Heat oil in a dutch oven or heavy based saucepan.  Add onion, and salt. Saute over medium heat for 8-10min., until onion softened. 

Step 2

Add ginger, garlic and capsicum, cook further 5min., until capsicum is tender. 

Step 3

Add remaining ingredients, mix well, heat to just boiling, stirring frequently.  Turn heat down to low, cover, simmer 15-20min.

Step 4

Serve warm over cooked low protein rice. 
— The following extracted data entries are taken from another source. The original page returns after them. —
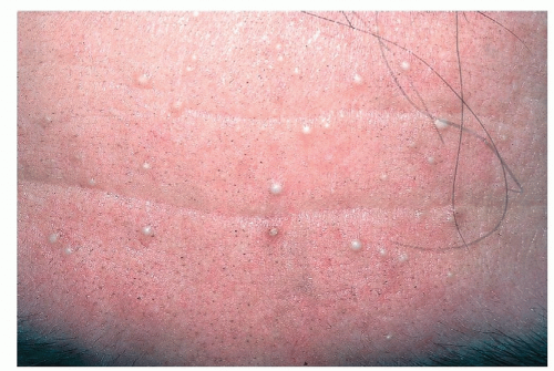 1.0 to 2.0 mm in diameter and are white to yellowish asymptomatic papules (Fig. 3-4)
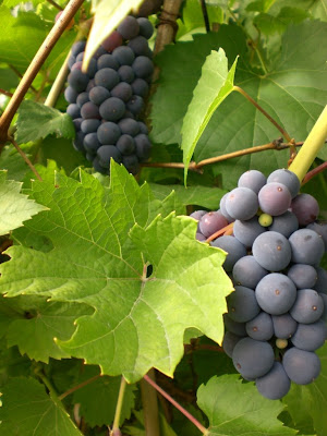 Nå begynner også druene å modnes, kanskje rekker de å modnes nok slik at de kan spises i år? Spennende! Den som hadde hatt et drivhus, da hadde det blitt masse druer! ..mmm..
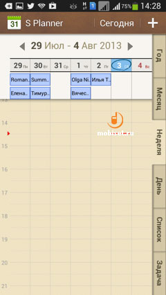 Сбоку открывается вкладка с категориями: год, месяц, неделя, день, повестка дня, задача. Она помогает быстро передвигаться по календарю. Смартфон помогает добавить дополнительные данные, используя Google, Facebook, Exchange для синхронизации событий. Новой записи присваивается название, интервал, повтор (однократное, ежедневное, каждый будний день, еженедельное, ежемесячное, ежегодное). Устанавливается напоминание, которое сработает предварительно. Дополнительное прилагается картинка или заметка.
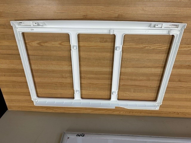 This is the frame that is above the Crisper Drawers. This Crisper cover is for a fridge with 3 crisper Drawers. The Frame is Plastic and contains 2 plastic humidity controls which are being sold with the Crisper Cover. Crisper cover Glass insert is sold separately (P# MHL42613217). Width 28 3/4″ Depth 19″

Preliminary Tomato Preparation 
Step 1

Core tomatoes. 

Step 2

Drop tomatoes into a saucepan of boiling water, 10secs. 

Step 3

Hold tomatoes over a sink and pull off skins, they will come right off! 

Step 4

Cut tomatoes open, squeeze out and discard seeds. Coarsely chop remaining pulp.

Serving Suggestion:

Left-over tomato curry stays fresh in an airtight container, in the refrigerator, for 2-3 days.  


Top Tip:

Start cooking rice when you begin making the curry. This will mean the components of your meal are ready and hot at the same time. 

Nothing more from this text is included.